As candid as he was with Chuck, Jack always held back a part of himself, the self-critical, manipulative self that sent the other Jack Kennedy on his public pathway. Of all his male friends, Spalding probably saw more of the spectrum of Jack’s personality than did anyone else and had deeper insights into his friend. Chuck saw that Jack was a natural seducer and that women were merely the temporary objects of his game.
Spalding observed that Jack’s obsession with bedding every attractive woman who even momentarily passed across his horizon was not primarily about sex. The act itself was usually nothing more than a quick release. It was about testing his power and charm and will. It was not sexual impotence he feared but the possibility that he, the Jack Kennedy he had created, wouldn’t work anymore.

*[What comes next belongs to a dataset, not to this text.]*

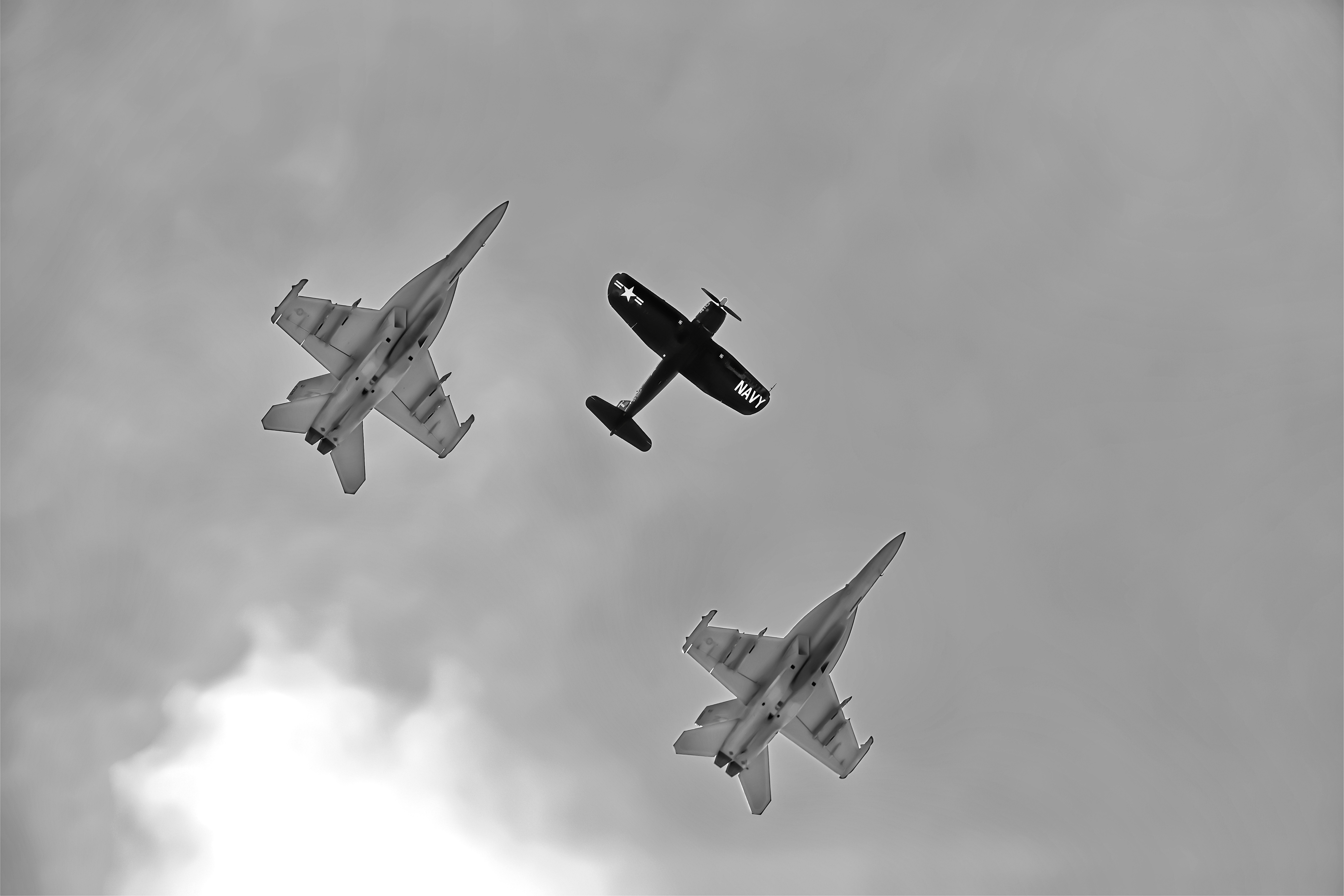 Following the F-18 routines an F4U-4 Corsair met up with the 2 supersonic F-18 Growlers to make a few “Navy Legacy Flight Foundation” laps around the sky together. The Legacy program matches today’s front line aircraft like the F-18 Growler with the Corsair in close flight maneuvers at air shows nationwide to keep the memory of time-honored sacrifice and service of those who have flown in defense of our nation. These images, like the one I captured below leaves a lasting impression on memories of our Naval pilots.

What better test of his powers, though, than to seduce Olivia de Havilland, who had played the angelic Melanie Wilkes in Gone With the Wind. Jack was usually proudly disheveled, but this afternoon, as he was about to meet Olivia for drinks at her house, he prepared his toilet at the Beverly Hills Hotel with detail and refinement.
Jack fixed Olivia with deep, glowering eyes. He flattered her with subtle phrases. He paraded his wit before her. Nothing could ruin his little recital more than speaking his lines too long or too loud. He rose to say good-bye to the star, finally turning and opening what he remembered as the front door. As he turned the knob and moved to head out into the world, tennis rackets and luggage came tumbling down out of the closet he had mistakenly opened.

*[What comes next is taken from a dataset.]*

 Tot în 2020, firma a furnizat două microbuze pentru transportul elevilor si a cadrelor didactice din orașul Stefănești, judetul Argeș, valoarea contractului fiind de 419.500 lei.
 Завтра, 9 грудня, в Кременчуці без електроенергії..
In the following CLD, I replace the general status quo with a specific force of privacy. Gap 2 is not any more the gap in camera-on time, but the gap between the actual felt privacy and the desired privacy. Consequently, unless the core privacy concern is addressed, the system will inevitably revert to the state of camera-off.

The closest most veterans got to Olivia de Havilland was a front-row seat at the Bijou, but Jack fancied he could have whatever he wanted, from an assignation with a movie star to a privileged seat at the founding of the United Nations in San Francisco in the spring of 1945. His peers would have been delighted simply to have been there, but Jack wrangled an assignment as a reporter for Hearst that would have been the dream of any journalist.
Jack wore his seriousness as lightly as it could be worn. One evening Arthur Krock found his erstwhile new colleague propped up on his hotel bed in impeccable evening clothes trying to reach the managing editor to tell him, “Kennedy will not be filing tonight.”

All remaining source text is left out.